No matter what it's called, vanity searching, ego surfing, or Googling yourself - "A rose by any other name" - I never really considered the act a guilty or narcissistic pleasure as described in the opening paragraphs of the Time's article Why Google Wants You to Google Yourself. Within closing remarks and announcements at the end of my technology course, I remind students everything they created and presented online now belongs to them; projects may be marked private, edited and revised to suit their ongoing needs, or simply deleted. Regardless of their decision I advocate performing a vanity search, they should carefully evaluate the results and determine if their growing online persona is appropriate for a potential employer to view.

Generally speaking, I follow the advice and perform the same search on myself using Google, Bing, Yahoo, and Ice Rocket utilizing various forms of my name (quotes, no quotes, middle initial, etc.). After the initial wonder finding blog comments, ALAO board meeting minutes, a email posting from grad school years ago, and more recently uFollow, I've not found anything unusual or needing my attention. That is, until last week. Search results yielded links to several very dated (six years ago) technology handouts and tutorials I developed had been uploaded from my personal university web site to a course material sharing web site.

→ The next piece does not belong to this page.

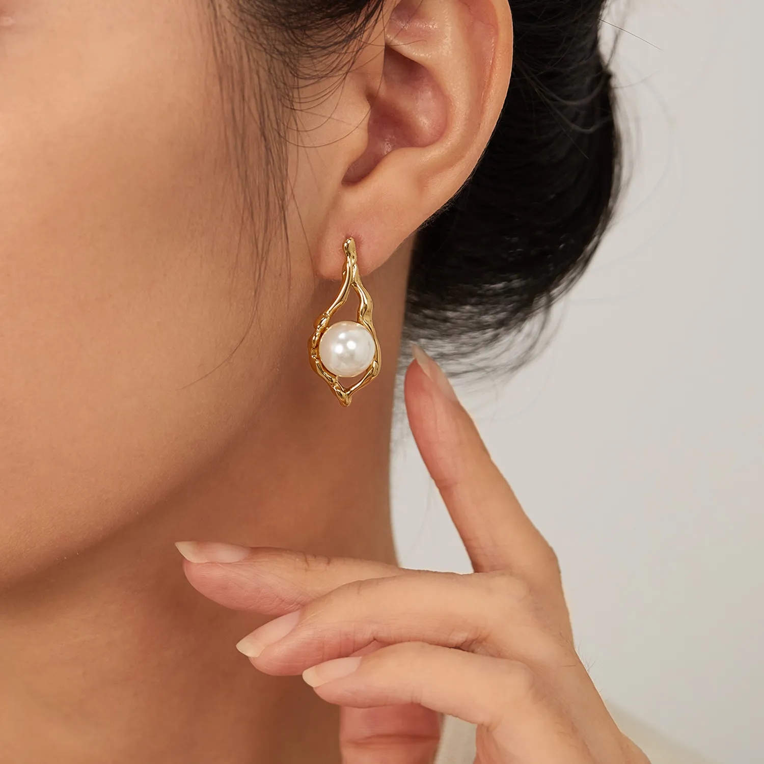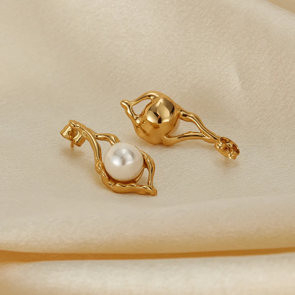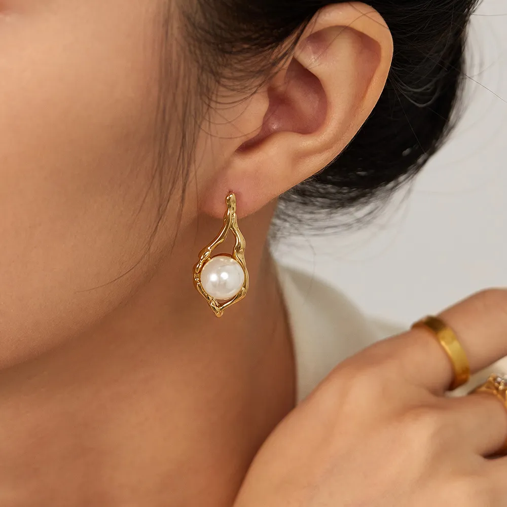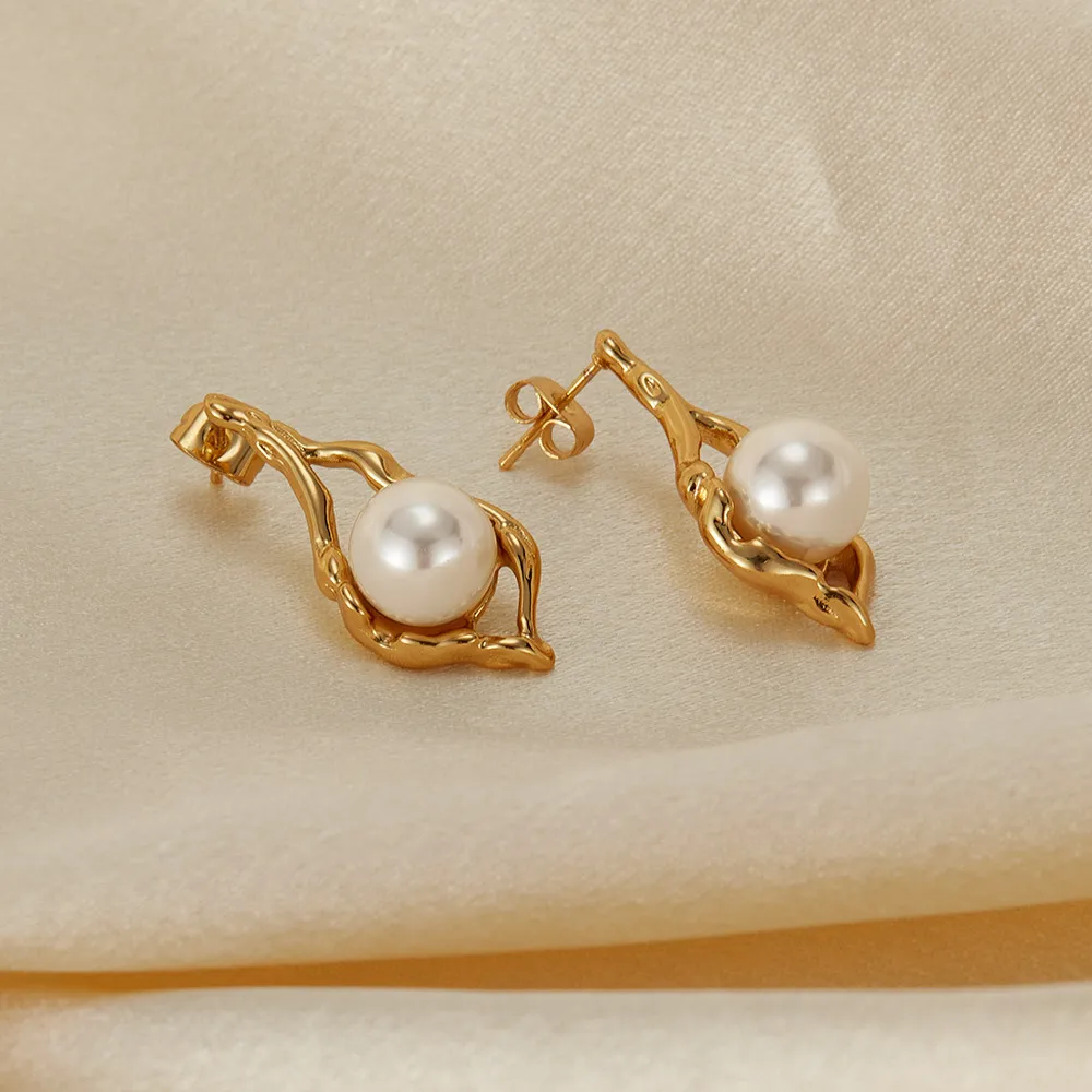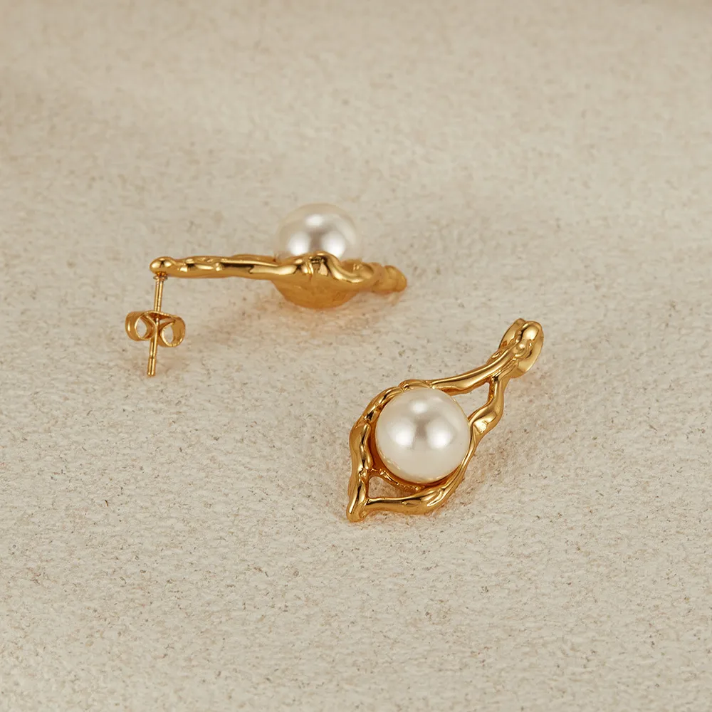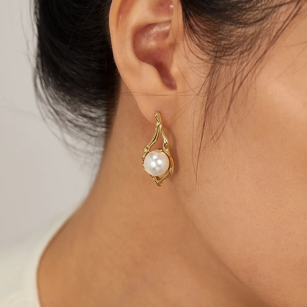 European And American Entry Lux Temperament Earrings Stainless Steel Geometric Pearl

I like to share; all of my instructional videos on YouTube are public and I've never denied a request for using one of my LibGuides, but finding these resources posted without permission was irksome. I searched the site for project guidelines, privacy notices, and contact information to request removal of items uploaded without permission. I sent an email request, complete with specific links and document titles, on Tuesday. I had an answer the next day complete with digital copyright statements showing they had complied with the law and a requirement I state - categorically - my ownership of said documents. I found it ironic they could post what did not belong to them, yet I had to 'prove' they were mine to have them removed. Official notice the four documents had been removed arrived via email late Thursday. Yesterday I tested the links and they were indeed no longer active. I also found three more items (update: they have been removed).